Botox is classified as a pregnancy category C drug, meaning there isn’t enough human data to confirm its safety during pregnancy. Cleveland Clinic physicians recommend avoiding it during pregnancy and breastfeeding, particularly for elective cosmetic use.

People with neuromuscular disorders like ALS or myasthenia gravis are generally not candidates for Botox, since the toxin could worsen their existing muscle weakness.

Botox vs. Other Neuromodulators

Botox (onabotulinumtoxinA) was the first product of its kind on the market, but several alternatives now exist. All of them work through the same basic mechanism of blocking acetylcholine release, but they differ in formulation.

Dysport tends to kick in fastest, with effects noticeable within 2 to 3 days compared to Botox’s 3 to 5 days.
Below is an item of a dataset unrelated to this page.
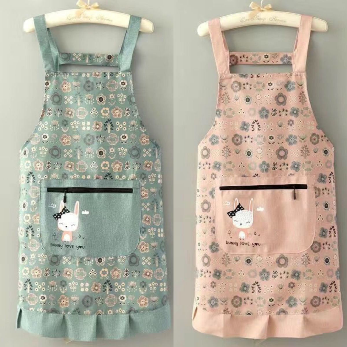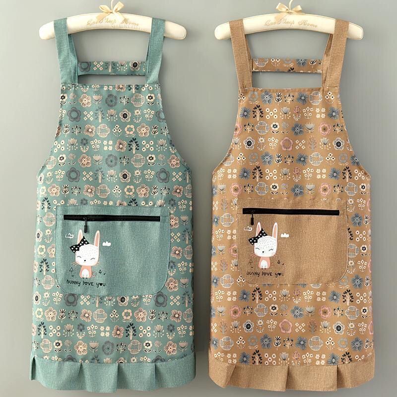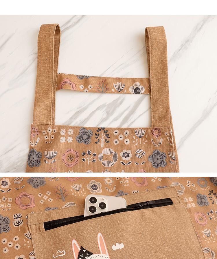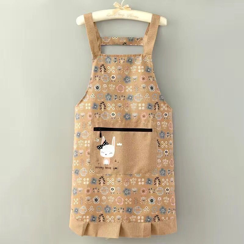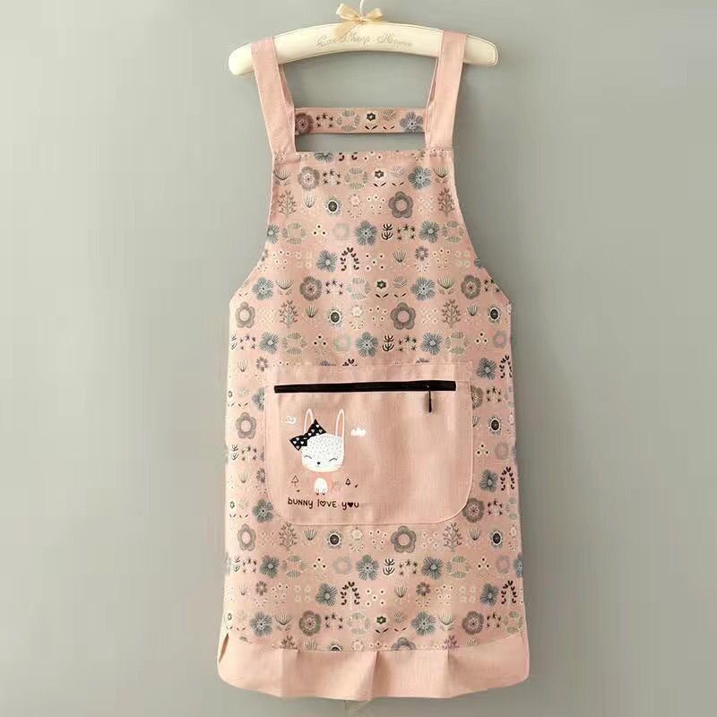 新款可爱帆布围裙厨房防污家用耐磨上班透气围腰做饭

Xeomin is sometimes called the “naked” injectable because it contains only the pure toxin without the extra proteins found in other formulations, which could reduce the chance of developing resistance over time. Daxxify, the newest option, uses a unique stabilizing peptide and is marketed as lasting longer than traditional Botox, potentially up to 6 months for some patients.

Your provider can help you decide which product fits best based on your treatment goals, how your body has responded in the past, and whether the onset speed or duration matters most to you.